In this blog we will hands on machine learning project i.e Diabetes prediction using Logistic Regression before hands on you must understand the concept of Logistic regression https://ainewgeneration.com/logistic-regression/ After going through the Logistic Regression Blog , there must be definitely some interest to understand how this thing actually work with real world data. To answer that question, we will here discuss elaborately the application of Logistic Regression on a dataset .

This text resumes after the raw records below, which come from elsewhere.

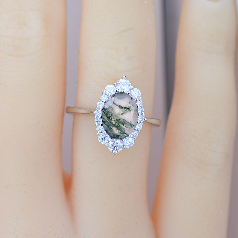 Oval 9x7 Moss Agate Halo Engagement Ring, Promise Ring For Her, Moss A - Giliarto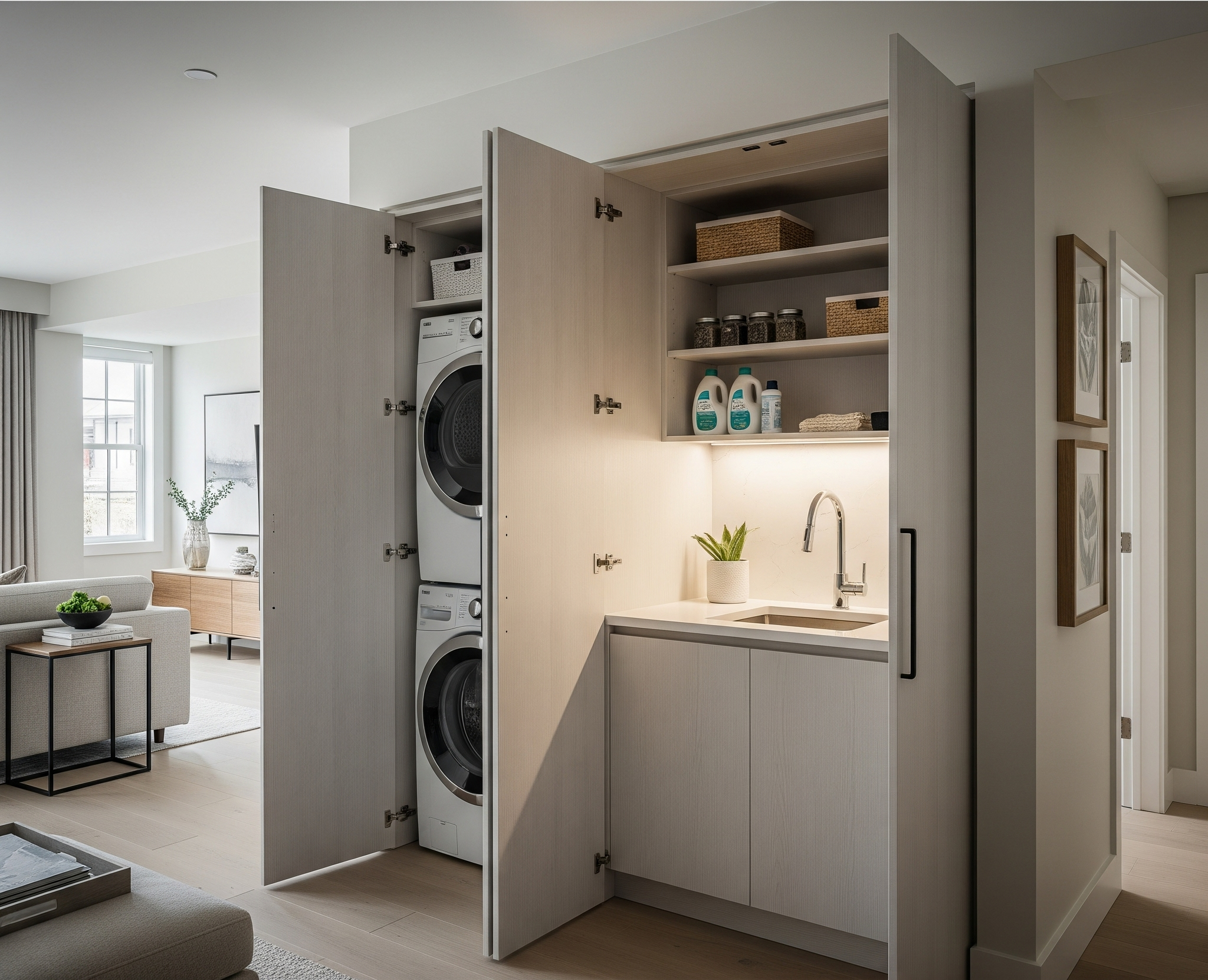 hidden/built-in laundry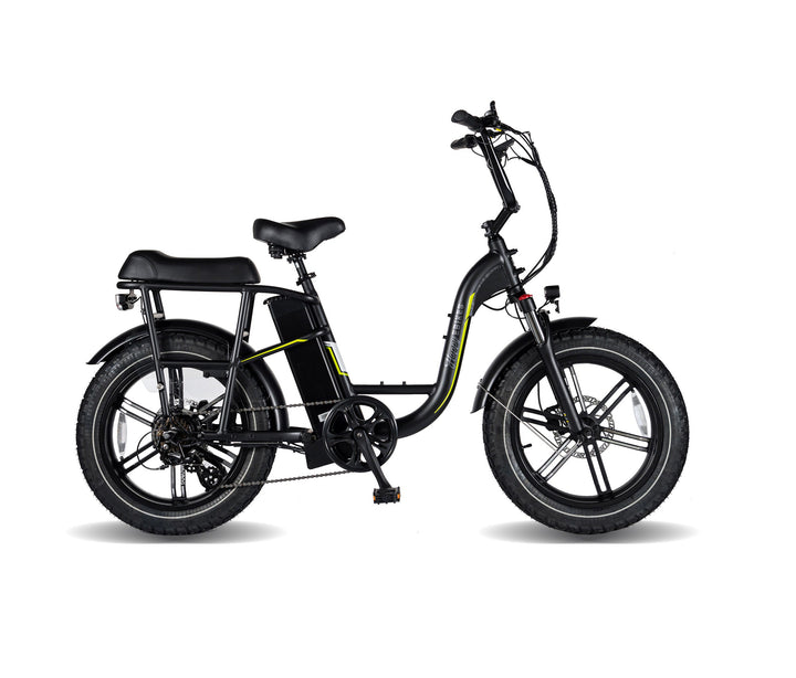 The same powerful 750 Watt Motor, 48V Lithium-Ion Battery, five Pedal Assist (PAS) levels with half twist throttle provide all the power you need to take on long distances and hilly terrains. Cutting edge Hydraulic Disc Brakes creates an extra level of comfort and peace of mind while you are on the road.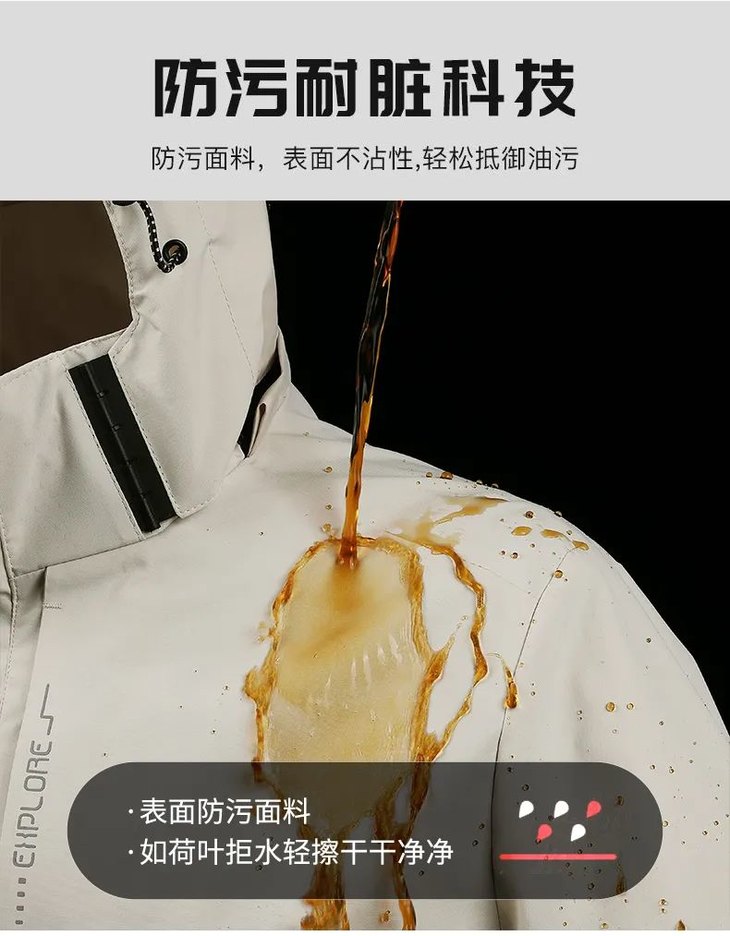 水泼过来就像给身体穿了一层防护服一样,污渍和水碰到衣服料身就会迅速弹开。抖一抖就能把水珠弹开。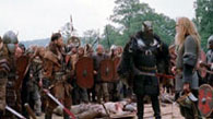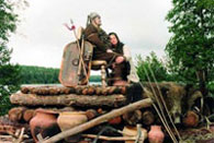 Recreación de la batalla en festival internacional de Wolin. Un fragmento de la batalla entre los eslavos y los vikingos. |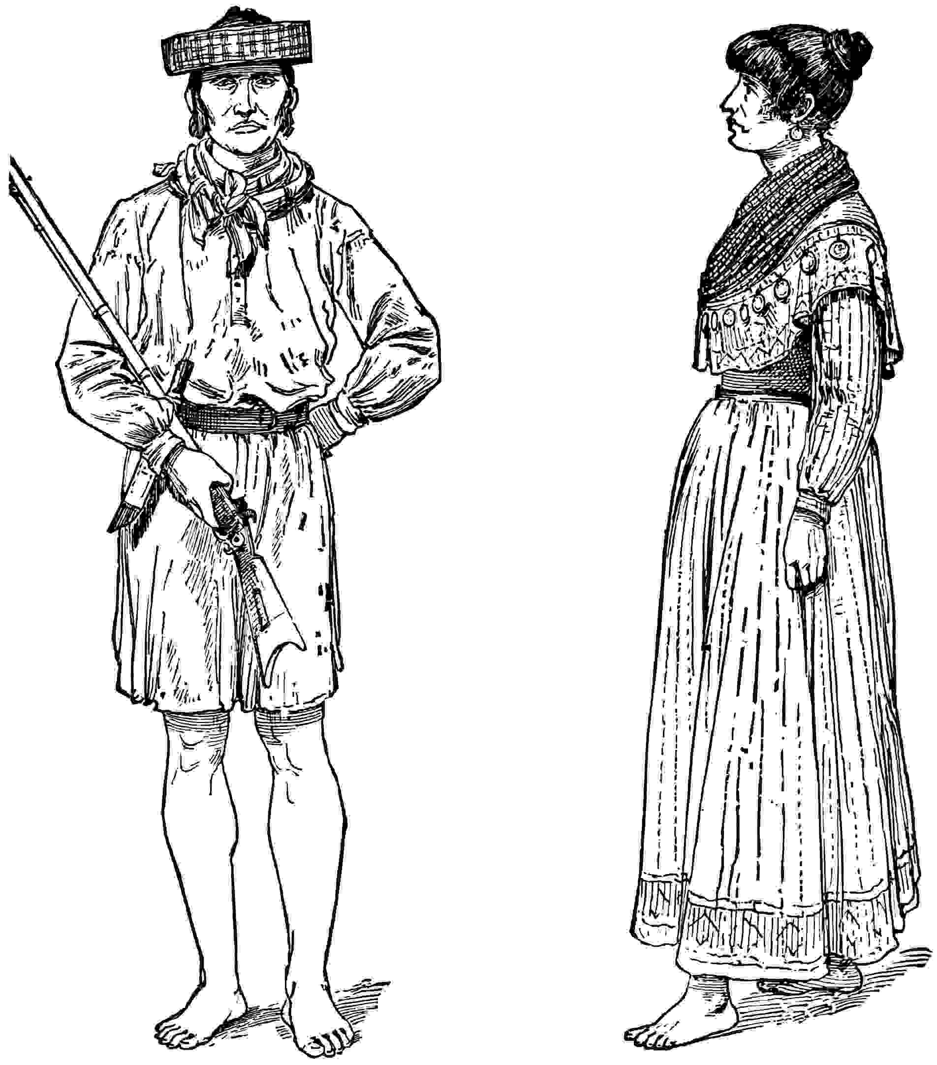 Acts of white brutality of this character could be quoted to fill a volume, but these are sufficient to indicate the manner of the European approach, except in the case of Penn. The more docile the Amerinds were, the more abuse they got. If they became self-supporting like the Navajos, the government gave them nothing; if they were murderous and deadly, like the Apaches, the government took care of them and fed them. Issuing rations is a proper thing, when we have destroyed the native means of subsistence, but the tribe that works and helps itself ought to be aided further toward civilisation in other ways. One of the most stubborn of the numerous Amerind wars was the Seminole in the Everglades of Florida. Our whole available force was engaged in this war, besides some fifty thousand militia and volunteers. Though there were probably not more than four hundred warriors, the cost of the war was over $30,000,000, and three thousand lives were sacrificed. The wars with the Apaches were long and difficult. The Modocs also carried on a disastrous war, and recently the Sioux took their turn. These wars could generally have been averted by proper diplomacy. The battle of Wounded Knee was precipitated by a wild and unauthorised shot at a critical moment by one of our soldiers. Had he remained inactive the battle would probably never have occurred. Many tribes were exterminated at an early period. Most of the Carolina tribes were destroyed between 1714 and 1740. To-day very few Amerinds exist in the United States east of the Mississippi. Those who were not destroyed, or who are not still living on lands reserved for them, are mostly west of the Mississippi, either on lands belonging to them in the Indian Territory, or on scattered reservations. Tribes in Indian Territory have long conducted a sort of civilised government, but some of them are now on the eve of selling their lands and purchasing broader tracts with the funds obtained, in Mexico. The Navajos are in possession of an enormous area lying across the line of Arizona and New Mexico, and their vast herds of sheep, cattle, and horses require extensive grazing, so that it will be impossible to reduce the area allotted to them, especially as the tribe is steadily increasing in numbers. Schools of mechanic arts should 447speedily be established among them, in order that when they eventually are obliged to look to other avenues of support than stock-raising, they can do work that will command a price. It makes not the slightest difference whether or not they are able to read English, if they have wares to sell that white people need and want, and the Navajo is capable of great development on the mechanical side. They will learn English when necessity requires it. The Mokis have a reservation adjoining the Navajos, and it is ample for them for all time, as they are not increasing, and their herds of sheep are small.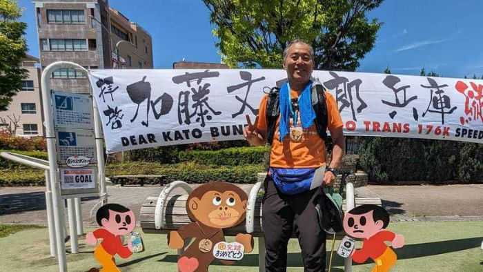 片道マイラーからかとぶんマイラーへ昨年、和田岬から浜坂まで完踏した拝啓 加藤文太郎、今年は逆ルート走って来ました。昨年の45時間を短縮し41時間40分でゴールしました。ひょんなことから完走メダルのクッキー100枚も作る事になり直前まで人を巻き込んでドタバタ。こちらは別途チャリティー報告も含めて上げるとして・・。スタート直後に携帯落とすは(他の方やスタッフさんの協力で小一時間で手元に戻る)、脚攣り地獄に見舞われるは(三宅師匠の神施術で回復)、真夜中の田んぼ道で一人の時ヘッデンのバッテリー切れるはでトラブル続きでした。しかし快も不快も含めてとにかく濃い時間に濃い経験。日常では決して味わえないカトブン・ザ・ワンダーランド。ワンオペのバイト君が壊れ掛けた養父のローソンから斎神社に向かう途中、真夜中に一人で田んぼしかない所を歩いてる時にヘッデンがご臨終。ヤバいなぁ〜と思いながら歩いていると前方に人歩いてる。ライト付けてないから地元の人がこんな時間に散歩かしら…と思ってたらナント福西さん。ヘッデンはと聞いたら私と同じようについさっき機能しなくなったとか。連れが出来た安心感から満天の夜空を堪能しながらウォーキング。斎神社エイドに到着したら昨年も笑顔で出迎えてくれたマルちゃんが。ワガママなかとぶんランナーの要求にテキパキ動く姿に二度惚れ。自社農園のプチトマトを振る舞ってくれたけどその美味しさに感激。その後、長〜いトンネルを進んでたら不気味な声がこだまして耳を澄ますと、は・や・く・お・い・で〜と。三途の川ならぬ三途のトンネルか?潜り抜けた先が異次元世界だったらどうしよう思ったらカッパのお姉さんのエイドでした。トンネル・プレイでおもてなしをしているそうな(いや怖いってば)走れる所は走る歩く所は歩く。昼間は暑いので日が暮れてからペースアップ。三木から西神辺りまで良いペースで走れたのに農業公園過ぎた辺りからジワジワと足裏が痛くなって来て、白川台辺りでは一歩歩く毎にジワ〜んと脳に響く痛みが。やはりアスファルトは過酷だわ。今回、睡眠は合計2時間。一つ目は生野ローソンで明け方に寝袋型エマージェンシーシートに包まって。2回目は三木の私設エイドで椅子に座って30分程度。最後は白川台のローソンで。一緒に行った師匠夫妻に30分だけ寝かせて!とお願いしてシートに包まって仮眠。これでも寝ないと動けない割には頑張ったのですゴール近く、和田岬線が見えた時には思わず駆け出してしまった。やっと帰ったよ〜。アレ?さっきまでの足の痛みどこ行ったん?何で走れるん、私?いつも通る通勤ルートだけど今日だけはビクトリーロード。こんな軽やかな気持ちでこの道を通ることなんて後にも先にもないだろなゴールではイサちゃんがメダルを掛けてくれた。作った本人が一番危ぶまれた完走メダル。安堵と感動と身体あちこちの痛みが一緒で頭がバグりそう。ビールやミネストローネ、焼きそば、お肉まで頂いて少し仮眠して最終ランナーのゴールを見届け長い長い旅が終わりました。前回はグッチさんがサポートカーで移動エイドしてくれてトラブルゼロ。常に先回りして移動エイド開いて待ってくれてほら飲め、ほら食えとばかりに次々出されるものを摂取すれば良かった。今回脚が攣ったのも水や食べ物をきちんと摂取しなかったのが原因。そんな中、学んだ事は自分で痛い思いをしないと経験値は上がらない!勿論、自分の力だけでは完走は出来るワケもなく(特に施術で脚攣り直してくれた三宅師匠にはもぅ足を向けて寝れません)関係者の皆さまには感謝しかありません。ありがとうございました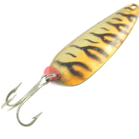 Painoltaan 19-grammainen (2/3 oz) Boss Lures -merkin Boss Spoon on varustettu Golden Tiger -viimeistelyllä, joka fluoresoi UV-valossa parantaen näkyvyyttä sameassa vedessä. Tämä Yhdysvalloissa valmistettu malli, tuotekoodilla 4070, on pituudeltaan 7 cm (2 3/4") ja sen pisaranmuotoinen profiili on optimoitu heittokalastukseen ja uisteluun. Tukeva kolmihaarakoukku on kiinnitetty uistinrenkaalla vaaleanpunaisen iskupisteen viereen, mikä tuo pienen kontrastin kulta-mustaan tiikeriraidoitukseen. Metallirungon kääntöpuoli on maalaamatonta messinkiä, joka välähtää voimakkaasti liikkuessaan vesipatsaassa. Kuntoluokitukseltaan 4/5 oleva viehe on hyvin pidetty, ja siinä on vain vähäisiä ikään kuuluvia jälkiä pinnassa. Tämä väritys on suunniteltu erityisesti hämäriin olosuhteisiin tai syvempään veteen, missä UV-reaktiivinen maali tarjoaa näkyvyysetua.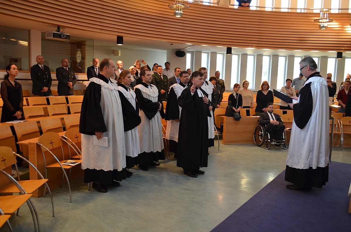 Potom nového duchovného po predpísanom sľube oficiálne vyhlásil za duchovného EPS a generálny duchovný plk. Marian Bodolló mu odovzdal dekrét o menovaní do radov duchovných Ústredia EPS v OS SR a OZ SR. Policajného duchovného po pozdravení jeho novým nadriadeným pplk. Milanom Petrulomoslovila aj rektorka Akadémie Policajného Lucia Kurilovská a k slávnostnému auditóriu sa prihovoril tiež dekan Evanjelickej bohosloveckej fakulty UK Milan Jurík.

So we will make the journey through use of NumPy, pandas, seaborn and matplotlib for carrying out the exploratory data analysis. Apart from this, we will be using scikit learn to implement linear regression. So, the first step undoubtedly is to import all these libraries
import numpy as np import pandas as pd from sklearn.linear_model import LogisticRegression from sklearn.model_selection import train_test_split
Post importing the required libraries and modules, the next course of action is to read the raw dataset & to read it , we need to use the read_csv () function for the same. It should be duly noted that the argument needs to be pass under a variable name so that the variable can inculcate the dataset and it becomes convenient going ahead to call just the variable whenever there will be need for the dataframe/dataset.
df = pd.read_csv(r"C:\Learning\python_class\Logistic\diabetes.csv")
Once the above step has been properly executed, next we use the head() function. The purpose of this function returns the first five rows of our data by default. Well, its not restricted to just 5 rows, we can pass any number of row we would like to view, For instance: – head(20), then it will print the first 20 rows of our dataframe.
Now , before embarking on the core modelling part, we will check the data types. For this, we will use the dtypes function.
Machine learning model is completely mathematics, it understand basically just numbers but nothing qualitative in nature. As you all can see from the above step, that the variable Class has data which are qualitative in nature. Also the Class variable happens to be the target variable as well ( target variable – the dependent variable which we need to predict). So this variable needs to be converted in quantitative in nature which can be done by using dummy variable. Whenever a categorical variable has more than two categories, it can be represented by a set of dummy variables
df= pd.get_dummies(df,columns=["Class"], drop_first=True) df.head()
At this step, we will check for null values in our data set. Blank or null data in our data set poise a challenge which ultimately impact model accuracy & performance. We need to either remove such null values or fill them with the mean values, these judgement needs to be taken by seeing how many null values are there actually out of the total data for a specific variable.
Before going further to design the predictive modelling, we need to complete a small step of defining our independent & dependent variables or the features. This is accomplished by using of iloc function. iloc helps in the convenient selection of data from the DataFrame. It’s used in filtering the data according to some conditions.
x_feature= df.iloc[:,0:7] x_feature
A one more process needs to be done so that we can scale the entire independent variables in a fix scale/ range. You all might have noticed that all these independent variables have wide range of values. Feature Scaling is the technique which execute the function of standardizing the independent features present in the data within a fixed range. If supposedly, feature scaling is not done, then a machine learning algorithm tends to weigh greater values, higher and consider smaller values as the lower values, regardless of the unit of the values.
sc = StandardScaler() df_scale = sc.fit_transform(x_feature) df_scale
We have completed all the pre-processing steps, we are good to go with splitting the data into train and test. Train one being on which our model will be trained, the other being the test set on which predictions will be carried out . Here, the train and test data are split in an 80% by 20% ratio.
x_train , x_test,y_train,y_test = train_test_split(df_scale,y_target,test_size =0.2)
len(x_train) , len(x_test)
After splitting the data ,the most important step of training the model follows. For this, the LogisticRegression() function to be used. The fit function needs to be also used to find the best fit for our model.
lr=LogisticRegression() lr.fit(x_train, y_train)
test_pred = lr.predict(x_test) test_pred
After fitting the LogisticRegression, the model needs to be evaluated finding accuracy score & error
from sklearn.metrics import accuracy_score, mean_squared_error AccuracyScore= accuracy_score(y_test, test_pred) Error= mean_squared_error(y_test , test_pred)
The accuracy score stands at 81% which is pretty decent to substantiate that our model prediction has been good enough. The accuracy is a simple way of measuring the effectiveness of your model. But do keep searching and other methodologies to evaluate the model. Sometime accuracy score doesn’t say the whole story.
So, with this blog we complete our explanation how Logistic Regression algorithm in machine learning can be executed . I hope, this blog helped you to get an overview into every technical details that comes into play for logistic regression.